Dudley Herschbach on Ben Franklin and the Ig Nobels

Dale Singer of the St. Louis Beacon reports about Dudley Herschbach’s talk:

What does Beano, the infamous anti-flatulence treatment, have in common with Dasani, the bottled water with the exotic-sounding name? Both have figured into the Ig Nobel Prizes, those pseudo-silly-scientific awards that, according to their website, are designed to honor achievements that first make people laugh, and then make them think. And some winners have also been recipients of their better-known and considerably more serious cousin, the Nobel Prizes for science.

A big fan of the Ig Nobels, Harvard emeritus professor Dudley Herschbach – one of the three winners of the 1986 Nobel Prize in chemistry for their “contributions concerning the dynamics of chemical elementary processes” – talked about them at Washington University’s Graham Chapel Wednesday in an address titled “Silly Serious Science”….

To show that the Ig Nobels carry on a long tradition of mixing science with silliness, Herschbach concluded with a 1780 proposal from Benjamin Franklin, who showed he was far ahead of his time.

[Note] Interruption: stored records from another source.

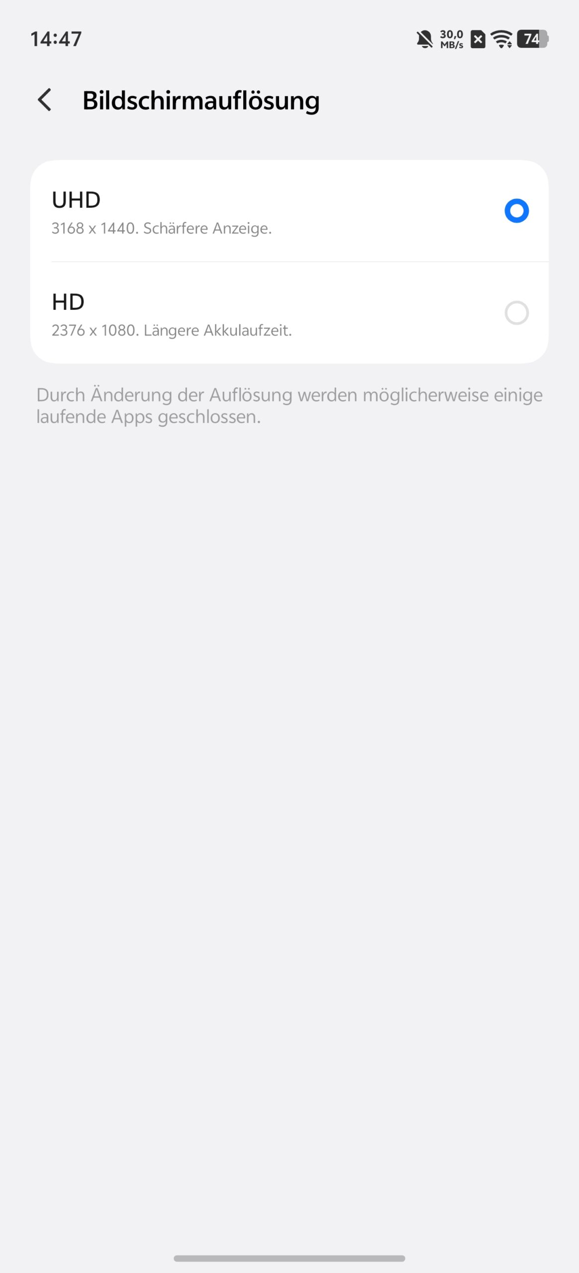 Das OLED-Panel auf der Vorderseite misst 6,85 Zoll und löst mit 3168 x 1440 Pixel auf. Daraus resultiert eine Pixeldichte von 508 Pixel pro Zoll, wodurch das Display gestochen scharf ist. Wer auf die Auflösung verzichten mag und eher auf eine gesteigerte Akkulaufzeit bedacht ist, kann in den Einstellungen auf eine HD-Auflösung von 2376 x 1080 Pixel herunterregeln. Das ist aber sichtbar weniger scharf und der Effekt auf die Akkulaufzeit ist gering. Dank 144 Hertz ist die Darstellung von Inhalten zu jedem Zeitpunkt flüssig. Mittels LTPO-Technologie passt das Smartphone die Bildwiederholungsrate dynamisch zwischen 1 und 144 Hertz an die angezeigten Inhalte an. Alternativ steht auch ein 60-Hertz-Modus zur Verfügung. Das Gerät erreicht die vollen 144 Hertz nur in einzelnen Spielen, im System ist bei maximal 120 Hertz Schluss. Neben diesen eher technischen Einstellungsmöglichkeiten ermöglicht das System auch Farbanpassungen jeglicher Art. Zusätzlich zu drei vordefinierten Farbmodi gibt es auch die Möglichkeit, die Farbtemperatur stufenlos einzustellen.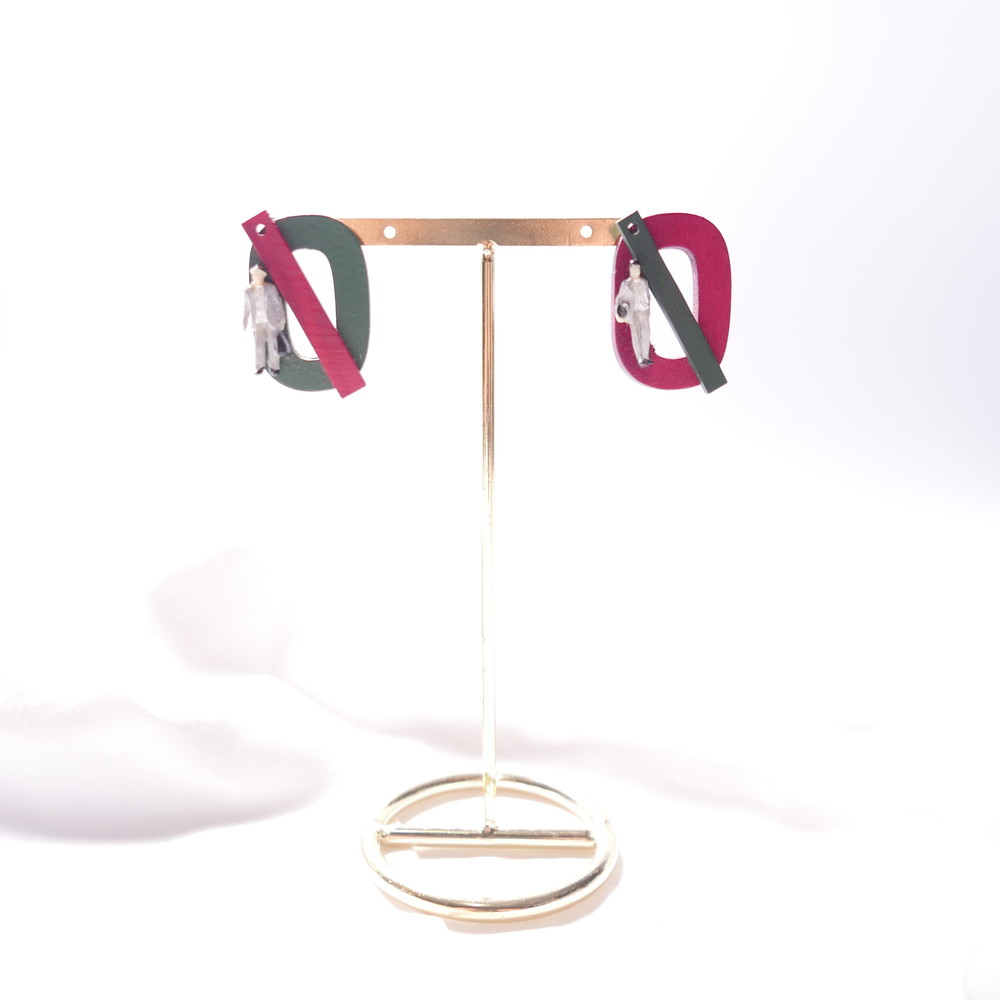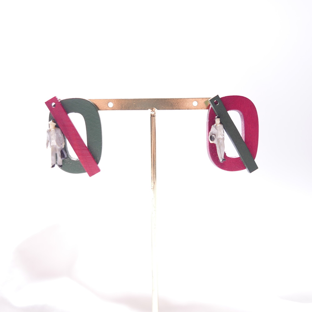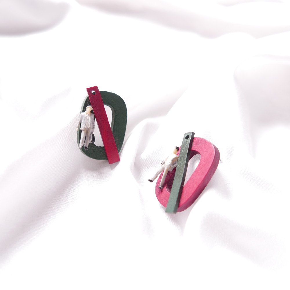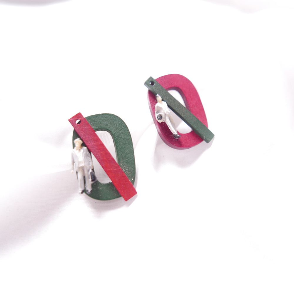 나무 특유의 질감과 색감, 도형, 추상적인 장식으로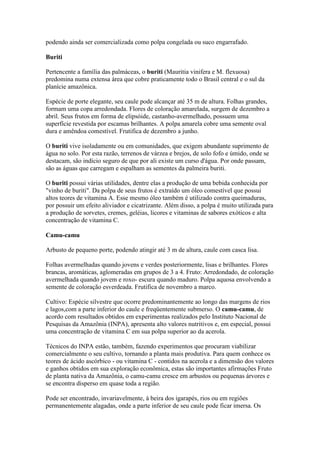 O documento descreve diversas frutas nativas da Amazônia, incluindo suas características, usos e propriedades nutricionais. Frutas como açaí, araçá-boi, buriti, camu-camu, cupuaçu, graviola e pupunha são detalhadamente apresentadas.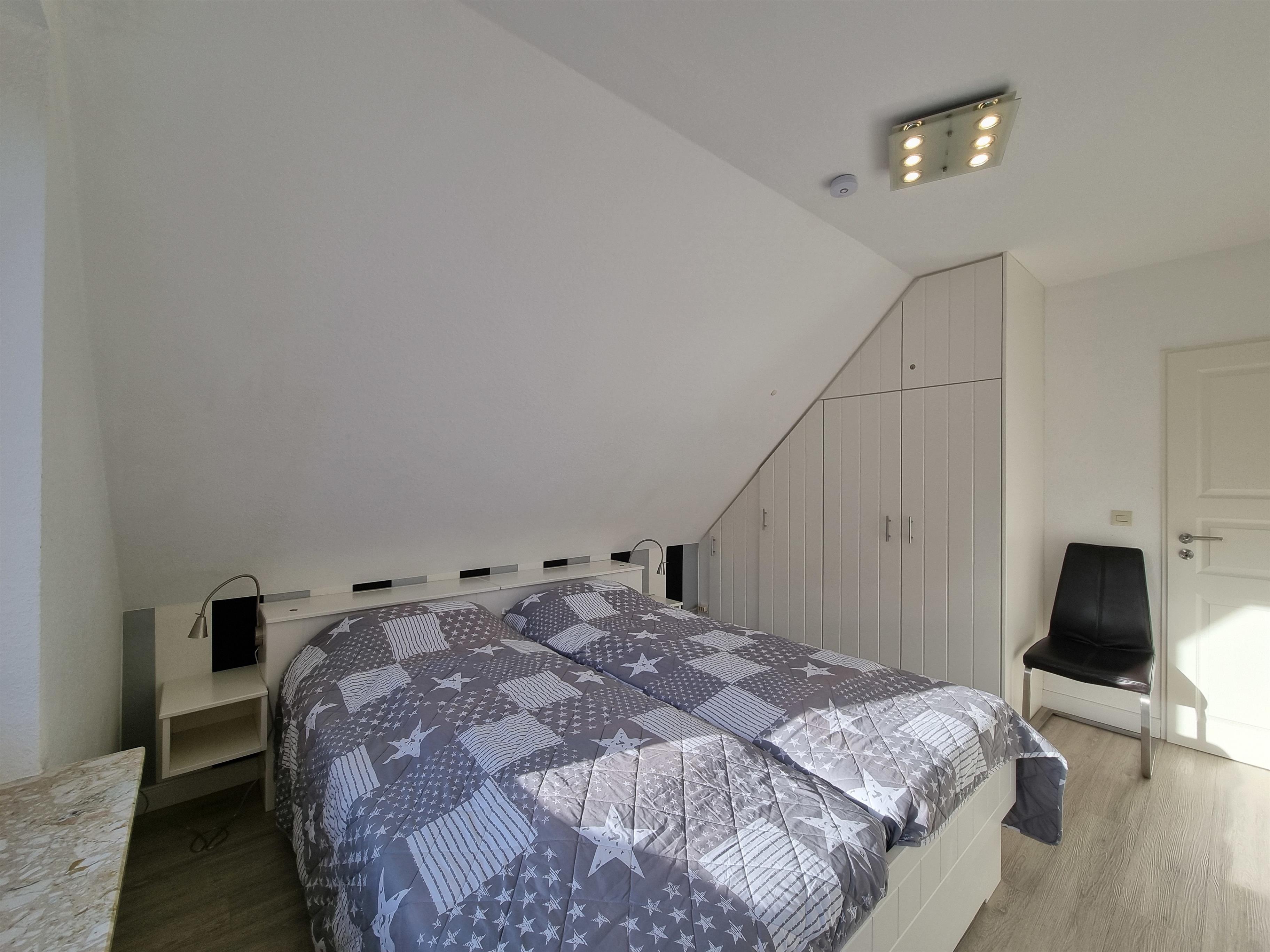 Das Schlafzimmer ist mit einem komfortablen Einbaubett (1,80 × 2,00 m) mit offenem Fußende ausgestattet. Von hier aus haben Sie Zugang zum Ostbalkon, auf dem Sie die Morgensonne genießen können. In den vorhandenen Einbauschränken steht ausreichend Stauraum für Ihr Gepäck zur Verfügung.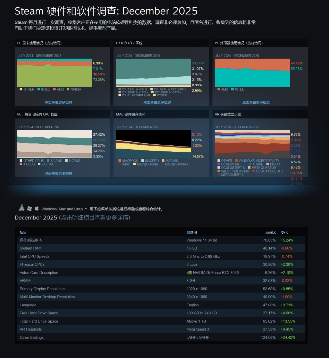Steam 12月的硬件調查報告現已公佈,下面是各項目中最常用的數據統計整理: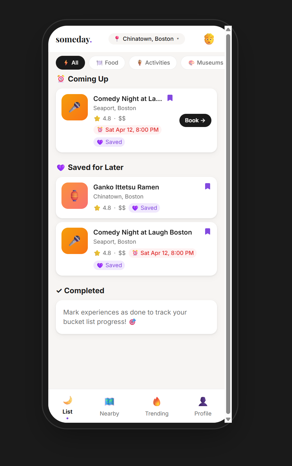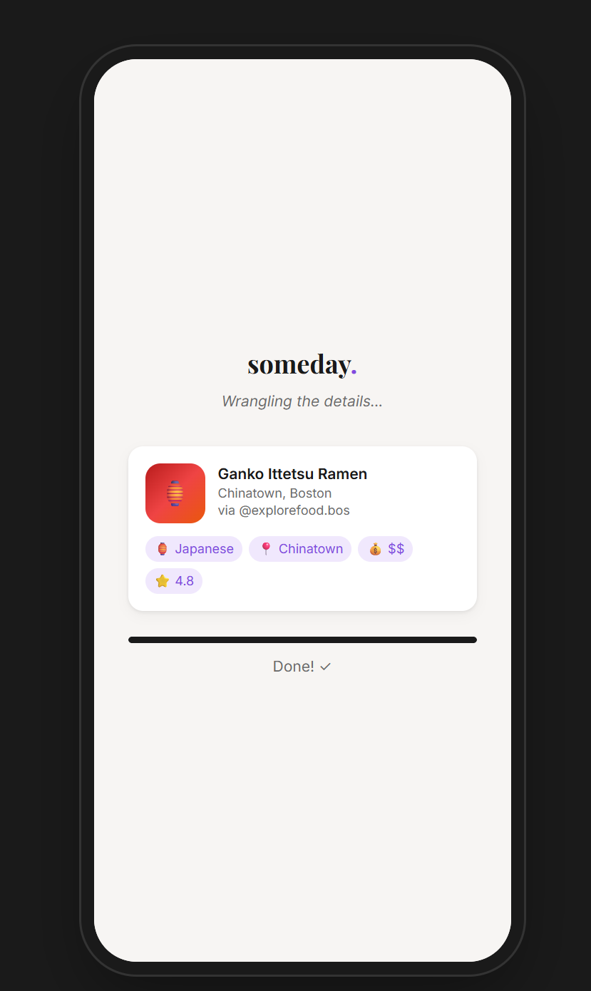 someday. is a personal bucket list app that turns your Instagram saves into bookable, actionable experiences.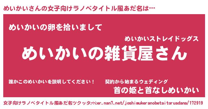 | 意味不明あだ名 | 『めいかいフォーエバー』『自称めいかい』 |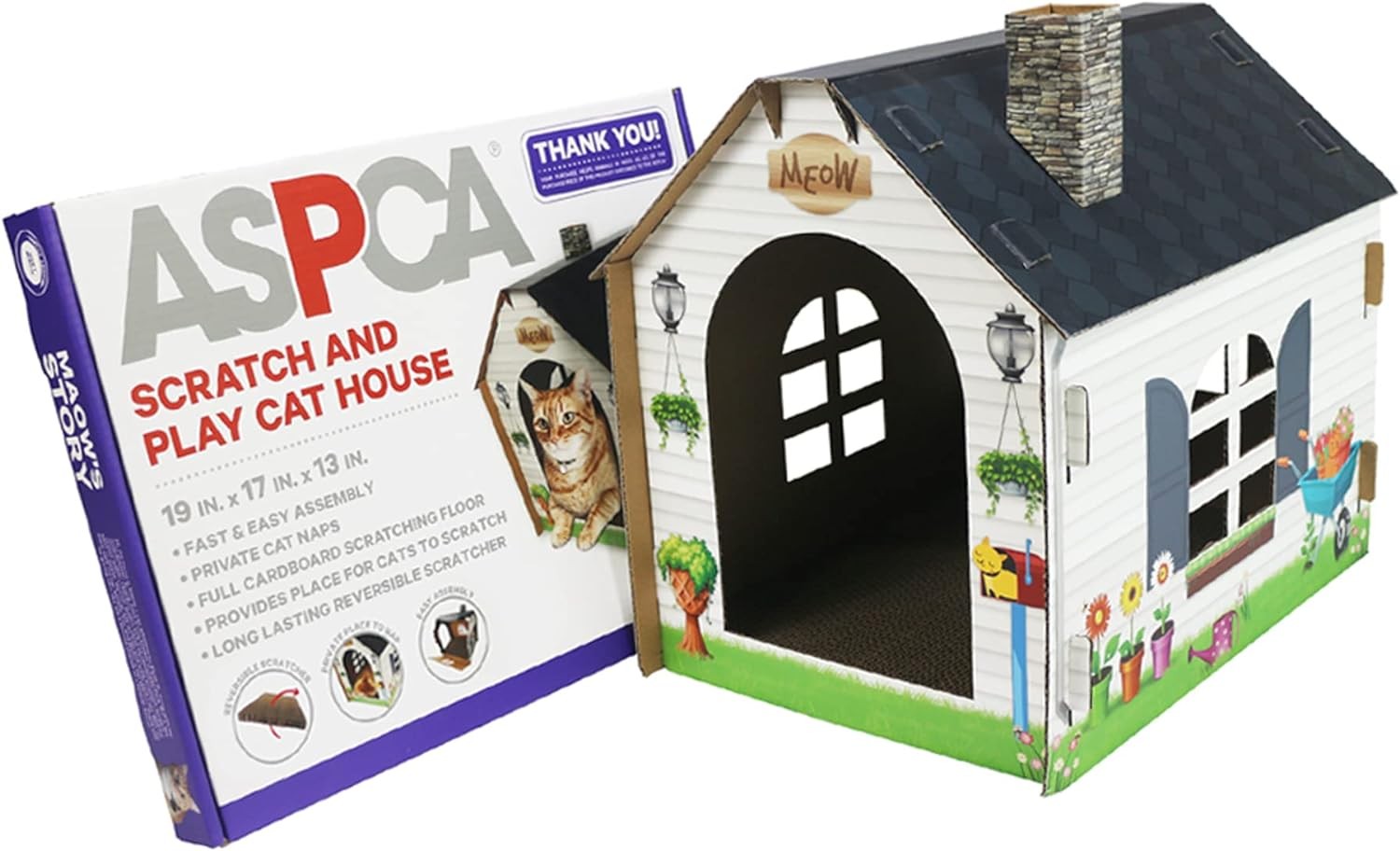 Cardboard Cat House Hideaway Playhouse with Scratcher Scratching Cottage

“It is universally well known,” Herschbach quoted Franklin as postulating, “that in digesting our food, there is created in the bowels of human creatures a great quantity of wind. My prize question: To discover some drug wholesome and not disagreeable, to be mix’d with our common food, that shell render the natural discharges of wind from our bodies not only inoffensive, but agreeable as perfumes.”